Collective and dissipative effects in a common microscopic dynamical description

TL;DR

This paper introduces a quantum-based theoretical approach extending the TDHF scheme to better describe the complex interplay of collective and dissipative effects in low-energy heavy-ion collisions.

Contribution

It develops a moving basis quantum representation that simplifies time evolution and incorporates beyond-mean-field and stochastic effects for nuclear collision modeling.

Findings

Improved modeling of nuclear collisions at low energies.

Enhanced description of collective and dissipative phenomena.

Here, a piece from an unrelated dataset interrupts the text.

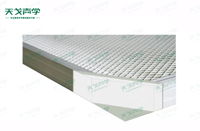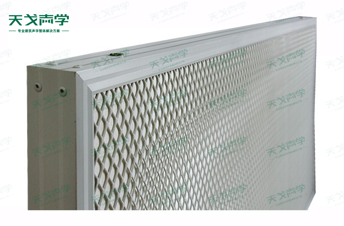 結(jié)構(gòu)——四周鋁合金框內(nèi)置歐文斯科寧吸聲棉,外包吸聲玻纖難燃/不燃吸聲布,加鋁網(wǎng)飾面構(gòu)成

Validation against experimental data shows increased accuracy.

Abstract

Depending on the energy regime, the dynamics of heavy-ion collisions reveals a variety of different mechanisms which are attributed to the combination of collective and dissipative effects. Semi-classical approaches have been successful in describing chaotic regimes at Fermi-energies but they gradually lose precision when extending to collective behaviour and in general when low-energy features become more determinant in the dynamics. To improve on this description, we propose a theoretical approach starting from the TDHF scheme. A quantum representation with a moving basis function has been worked out with a double aim. Firstly, achieving a simplified solution to handle the evolution in time. Secondly, introducing beyond-mean-field extensions and stochastic contributions. Applications to nuclear collisions at incident energies around low to Fermi energy are presented.